Actress Ruby Dee dies at 91
Ruby Dee, the award-winning actress whose seven-decade career included triumphs on stage and screen, has died. She was 91.
Dee died peacefully at her New Rochelle, New York, home on Wednesday, according to her representative, Michael Livingston.
Dee — often with her late husband, Ossie Davis — was a formidable force in both the performing arts community and the civil rights movement. She was friends with Martin Luther King Jr. and Malcolm X and received the Frederick Douglass Award in 1970 from the National Urban League.
Born as Ruby Ann Wallace in Cleveland, Ohio, in 1922, she took the surname Dee after marrying blues singer Frankie Dee two decades later. She divorced Dee after a short marriage and was wedded to Davis in 1948. Davis preceded his wife in death in 2005.

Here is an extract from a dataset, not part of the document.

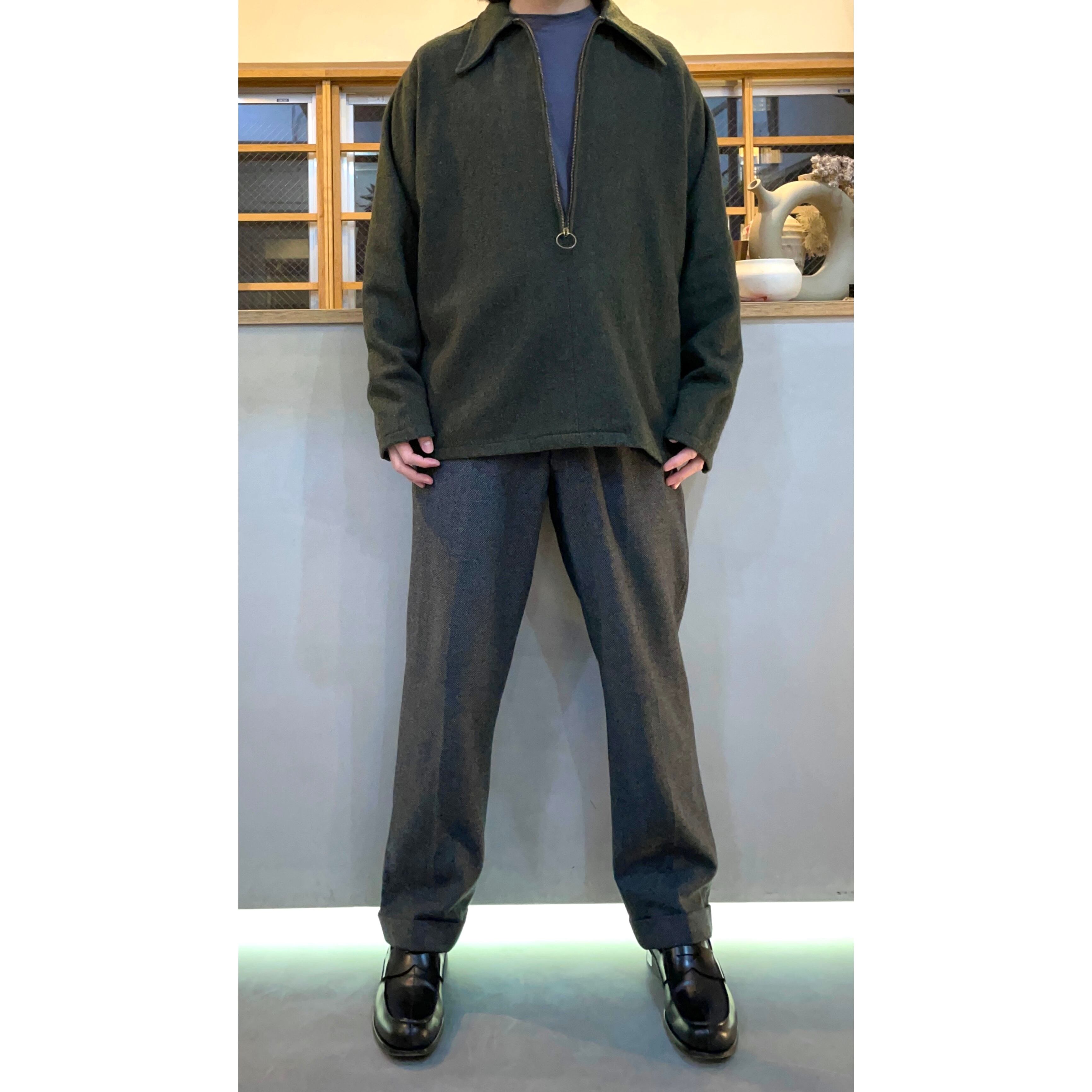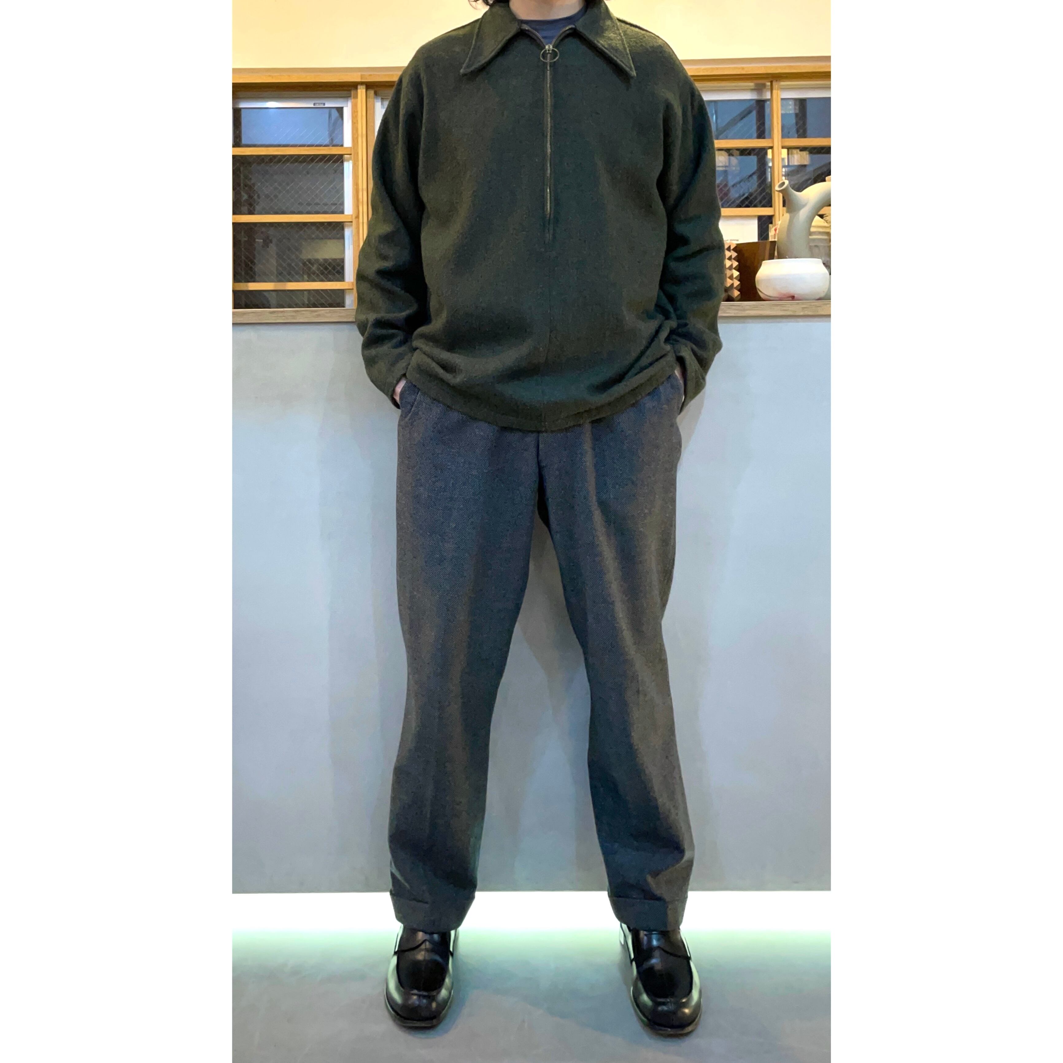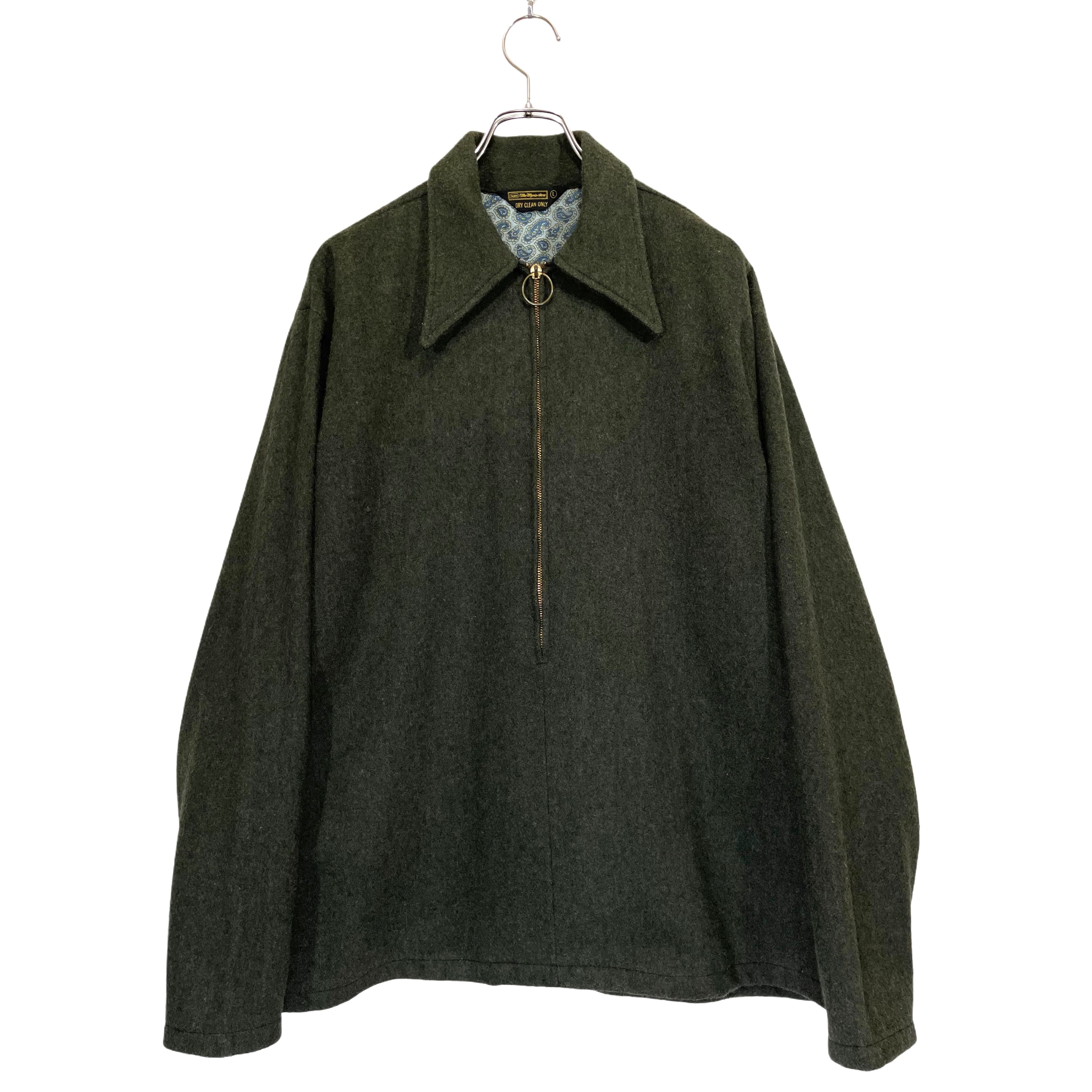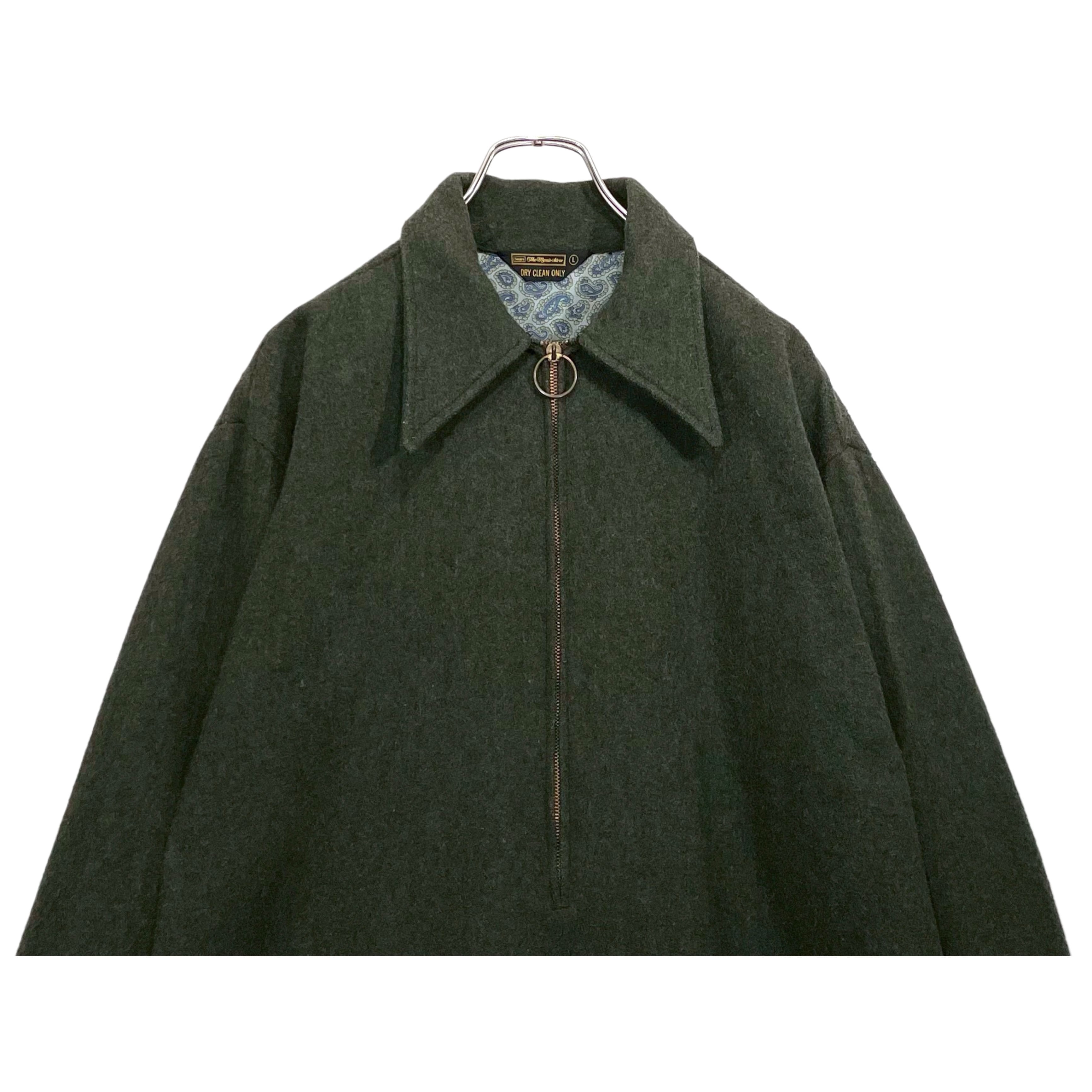 70s Sears The Men's store olive wool melton ring half zip box silhouette pullover shirt

Dee earned an Oscar nomination for her performance in “American Gangster” (2007). She also won an Emmy and Grammy for other work.
Broadway star Audra McDonald paid tribute to Dee when she accepted a Tony Award last Sunday, crediting Dee, Maya Angelou, Diahann Carroll and Billie Holiday for making her career possible. McDonald won a best actress Tony in 2004 for playing the same role Dee played on Broadway in 1959 and in the 1961 film version of “A Raisin in the Sun.”
Her acting career started in New York in the 1940s, but it was her role in the 1950 movie “The Jackie Robinson Story” that first brought her national attention.